Kind of Blue was playing through speakers in the kitchen.
“So why, in your opinion, do some chefs get so angry that they always are screaming at their cooks?”
“I don’t think it’s really anger,” Humm said.
“No?”
“No,” he said. “I think it’s rock star
behavior.” He laughed. “But I don’t think that works in our business. If you feel that way, I think you’re in the wrong business. Look, a restaurant? My restaurant? It’s like inviting people into your home.”
We had strolled over to garde manger. Three cooks were cleaning up rapidly.
“One thing I learned from Danny Meyer,” Humm said, “is that the food starts the fire, but then everything else has to follow. The food is less important than the whole dining experience. Danny has truly taught me hospitality.” He laughed. “And when you have both great food and excellence in hospitality? Then you kill it!”

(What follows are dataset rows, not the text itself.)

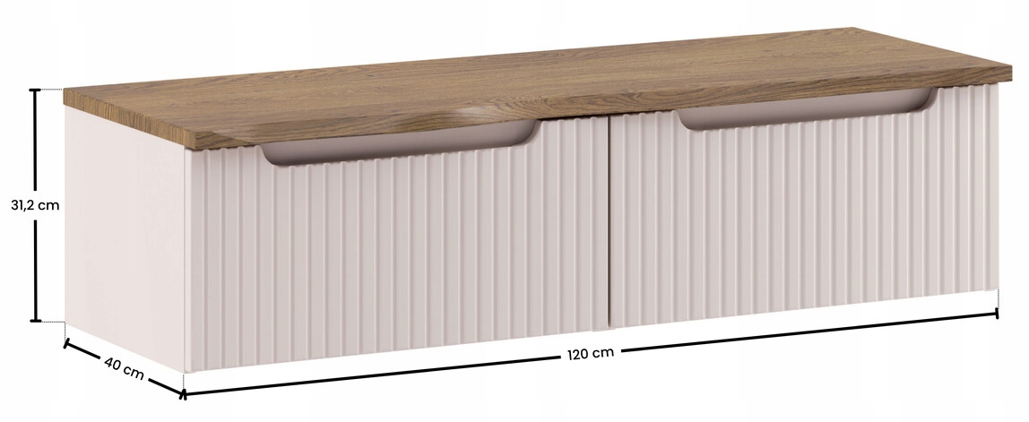 Kaszmirowa szafka łazienkowa NOVA KASZMIR 120 cm ryflowana z blatem bez umywalki
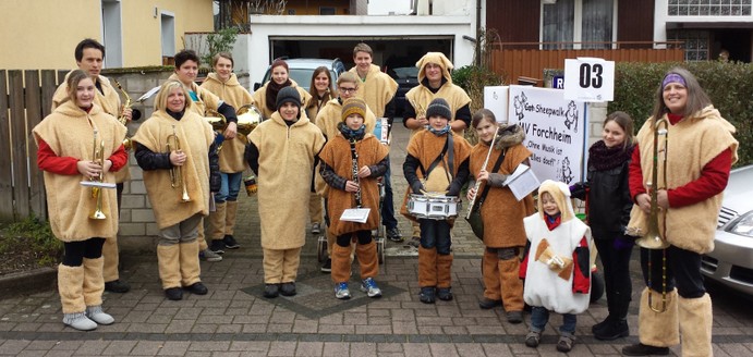 Bei herrlichem Sonnenschein zogen am Fasenachtsdienstag 19 (Jung) Musiker als Schafherde verkleidet und mit “handgemachter” Musik durch Forchheims Straßen,
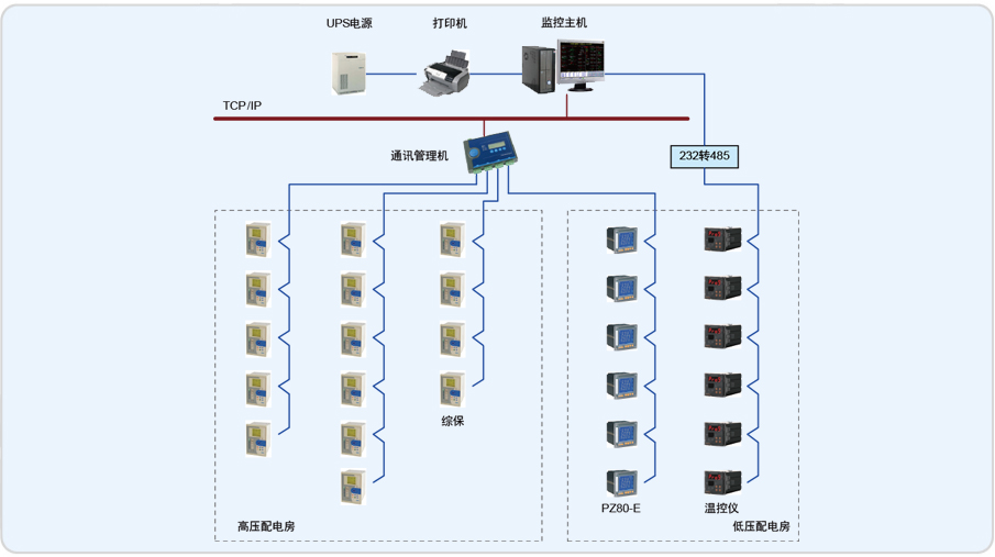 該項(xiàng)目是一個(gè)新建廠區(qū)的配電系統(tǒng),包含35KV變壓器2臺,10KV變壓器3 臺,項(xiàng)目中監(jiān)控范圍為35KV線路微機(jī)保護(hù)裝置2臺,變壓器溫控儀8臺,10KV微機(jī)保護(hù)裝置12臺,安科瑞智能儀表8臺,本套系統(tǒng)主要強(qiáng)調(diào)實(shí)時(shí)數(shù)據(jù)的監(jiān)測、控制,主要針對整個(gè)配電系統(tǒng)可靠性進(jìn)行全程的智能化監(jiān)控,數(shù)據(jù)分析,投、斷,以及對各回路所用電能進(jìn)行統(tǒng)計(jì)。
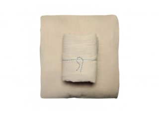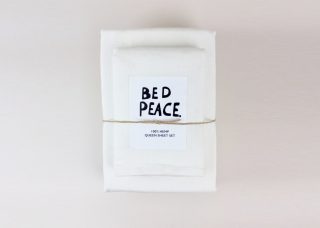 Shades of plaster, putty and peach in textural linen add colour but don’t read overtly fem. Both In Bed’s Peach, and Merci‘s Pink Beige hold just a whisper of colour. Lighter weight gauze wrinkles just like linen but is softer to the touch and is suited to the summer months; we like Lab Boutique’s version that comes in the perfect shade of nude.

“It’s not just about you.”
“Look,” he said, “I don’t want to be tied to the stove. You can’t micromanage every situation. Anyway, if you try to do that, people will stay two years and leave. They will leave because they can’t influence the direction of where the restaurant is going. But if people feel that they are a part of the movement, they’re not gonna want to leave.”
Now we headed to the back of the kitchen, where an array of pots and pans glinted or were covered in suds. I loved the heat of the washing, the clouds of steam, and the sounds of Spanish.
“Four days,” said Daniel, “every January. We brainstorm all our ideas. We honor the past. We take a giant piece of paper and write down the year’s accomplishments. For two days, the managers brainstorm the direction we want to go in. We establish our goals. For two more days, the whole team gets together. We break it down and become more specific. Everyone has ideas and we incorporate them. Everyone feels embedded in the organization.” Humm had one hundred fifty people working for him, seventy-five of whom were in the back of the house.
We came to the pass. Lunch service was ending, so things were calm. Humm had Leah, a cook, make me the Jack Rose cocktail.
“It’s made with liquid nitrogen,” Leah said, “and apple brandy.”
Pomegranate foam, sorbet, and, best of all, delicious.
“I suppose your father must be proud of you,” I said, “after all these years later, all the awards you’ve won.”